● ABOUT THIS TASK:
All of the listing should be output exactly, apart from the pictures.

● DATA SECTION:
·····

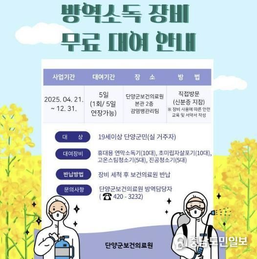 (충남도민일보(도민방송) 임경희기자) 단양군보건의료원은 최근 기온 상승에 따른 해충 확산 우려에 대응하고, 해충 매개 감염병을 예방하기 위해 방역소독 장비 무료 대여 서비스를 실시한다고 밝혔다.
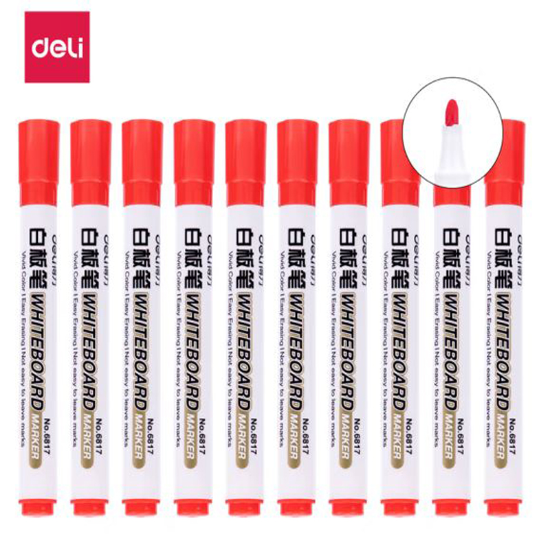 得力(deli)白板笔 色泽明亮可擦易擦红色10支/盒 6817 办公用品 |
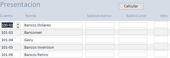 Seguí las instrucciones que me diste: cree la tabla Presentacion y con base en ella un formulario. al cargarlo, la tabla se llena adecuadamente con todas las cuentas y nombres y el formulario las muestra:
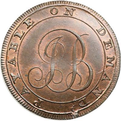 Middlesex. Foundling Fields. Halfpenny, 1795. D&H-305. Edge: Milled. Lamb. Reverse: Cypher I B. NGC graded MS-66 Brown.

·····

● RESPONSE:
 (충남도민일보(도민방송) 임경희기자) 단양군보건의료원은 최근 기온 상승에 따른 해충 확산 우려에 대응하고, 해충 매개 감염병을 예방하기 위해 방역소독 장비 무료 대여 서비스를 실시한다고 밝혔다.
 得力(deli)白板笔 色泽明亮可擦易擦红色10支/盒 6817 办公用品 |
 Seguí las instrucciones que me diste: cree la tabla Presentacion y con base en ella un formulario. al cargarlo, la tabla se llena adecuadamente con todas las cuentas y nombres y el formulario las muestra:
 Middlesex. Foundling Fields. Halfpenny, 1795. D&H-305. Edge: Milled. Lamb. Reverse: Cypher I B. NGC graded MS-66 Brown.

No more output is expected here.